The answer is that $E(X_t)=x_0e^{\mu t}$. The easiest way to see it is to start from the SDE and to note that $$\mathrm{d}E(X_t)=\mu E(X_t)\mathrm{d}t,\qquad E(X_0)=x_0.$$ Hence $a(t)=E(X_t)$ solves $a'(t)=\mu a(t)$ and $a(0)=x_0$, that is, $a(t)=x_0e^{\mu t}$ as claimed above.

Your solution goes astray when you solve the SDE, the factor of $B_t$ is wrong and, in fact, $$ X_t=x_0e^{(\mu-\sigma^2/2)t+\sigma B_t}. $$ Hence $$ E(X_t)=x_0e^{(\mu-\sigma^2/2)t}E(e^{\sigma B_t}). $$ Since $E(e^{uZ})=e^{u^2/2}$ for every real number $u$ and every standard normal random variable $Z$, the identity $E(e^{\sigma B_t})=e^{\sigma^2 t/2}$ follows from the fact that $\sigma B_t$ is distributed like $\sigma\sqrt{t}Z$. Simplifying, one gets the same expression of $E(X_t)$ than by the direct route, namely, $$E(X_t)=E(X_0)e^{\mu t}.$$


An easy way to calculate an expected value of SDE's solutions is to find an equation on $m(t) = \mathsf{E}[X_t]$. More precisely, from $$ dX_t = \mu X_tdt+\sigma X_t dB_t $$ taking expectations of both sides (while using that $\mathsf{E}[dB_t] = 0$) we obtain $$ dm(t) = \mu m(t)dt, $$ which gives a desired answer.

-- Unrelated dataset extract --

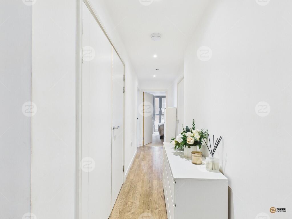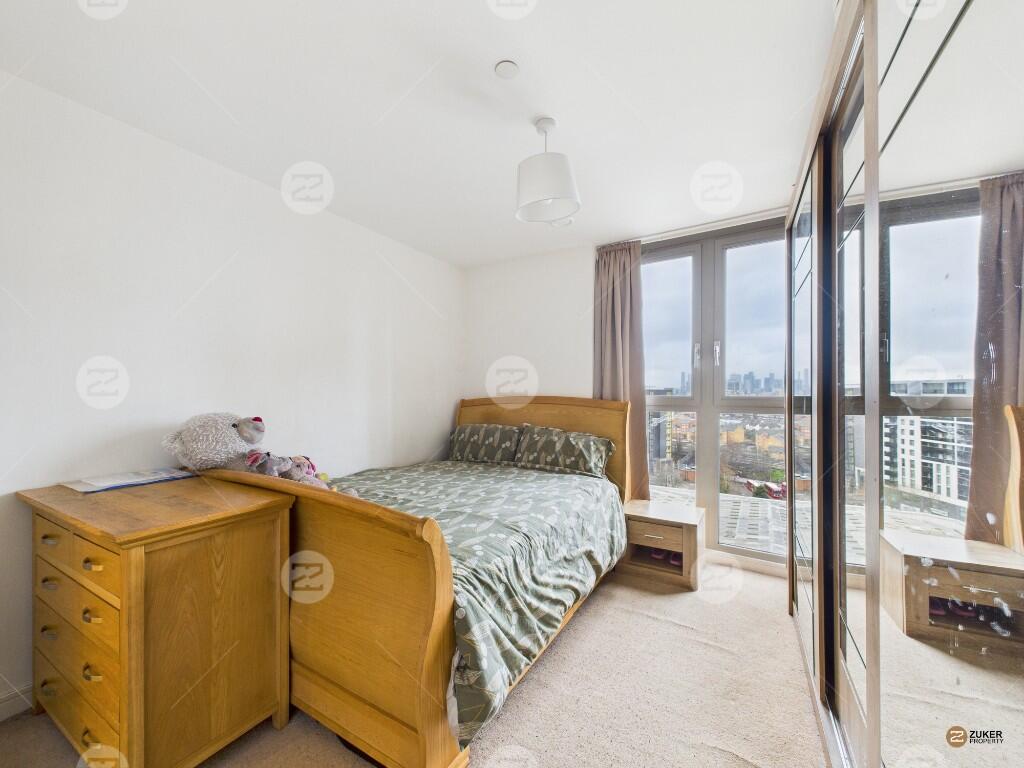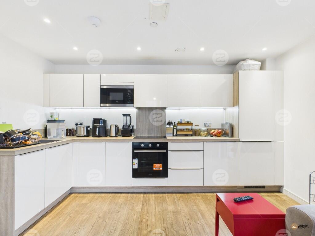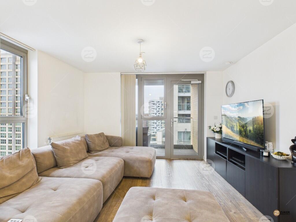 The apartment features a spacious living area with floor-to-ceiling windows, allowing for excellent natural light, alongside a modern open-plan kitchen fully equipped with integrated appliances. There are two well-proportioned double bedrooms and a contemporary bathroom. Further benefits include a private balcony and a 24-hour concierge service.

Indeed, from the latter equation follows that $m(t) = m_0 \mathrm{e}^{\mu t}$. @Did has already described such method, but it may be useful for you to apply such method for other SDEs.

You should be aware of taking the expectation in SDE which is quite informal. On the other hand, you can equivalently write $$ X_t = X_0+ \int\limits_0^t\mu X_sds+\int\limits_0^t\sigma X_s dB_s. $$

Here you can take an expectation since on both sides there are just random variables (at each fixed moment of time). The latter integral has zero expectation since it is Ito integral.


Even though it's pretty late I think this still may be helpful for a few of you.

First of all notice as $B_t$ is a geometric Brownian motion, by definition it is normally distributed with mean $0$ and variance $t$.

I.e. $B_t$ has the moment-generating function

\begin{equation}\label{moment}\tag{1} \mathbb{E}[\exp(u B_t)]=\exp(\frac{1}{2}u^2t),\qquad u\in\mathbb{R}. \end{equation}

Now we have for $X_t$ being a geometric Brownian motion

$$X_t= x_0 \exp\Big(\big(\mu - \frac{\sigma ^2}{2}\big)t+\sigma B_t\Big).$$

Therefore, applying the expectation value yields

\begin{align} \mathbb{E}[X_t]&= \mathbb{E}\Big[x_0 \exp\Big(\big(\mu - \frac{\sigma ^2}{2}\big)t+\sigma B_t\Big)\Big]\\ &=x_0 \exp\Big(\big(\mu - \frac{\sigma ^2}{2}\big)t\Big)\mathbb{E}\Big[ \exp\big(\sigma B_t\big)\Big]. \end{align}

So, by using equality \eqref{moment} with $u=\sigma$ we get

\begin{align} \mathbb{E}[X_t]&= x_0 \exp\Big(\big(\mu - \frac{\sigma ^2}{2}\big)t\Big)\mathbb{E}\Big[ \exp\big(\sigma B_t\big)\Big]\\ &=x_0 \exp\Big(\big(\mu - \frac{\sigma ^2}{2}\big)t\Big)\exp\big(\frac{1}{2}\sigma^2 t\big)\\ &=x_0 \exp\big(\mu t\big). \end{align}

This gives you the desired result.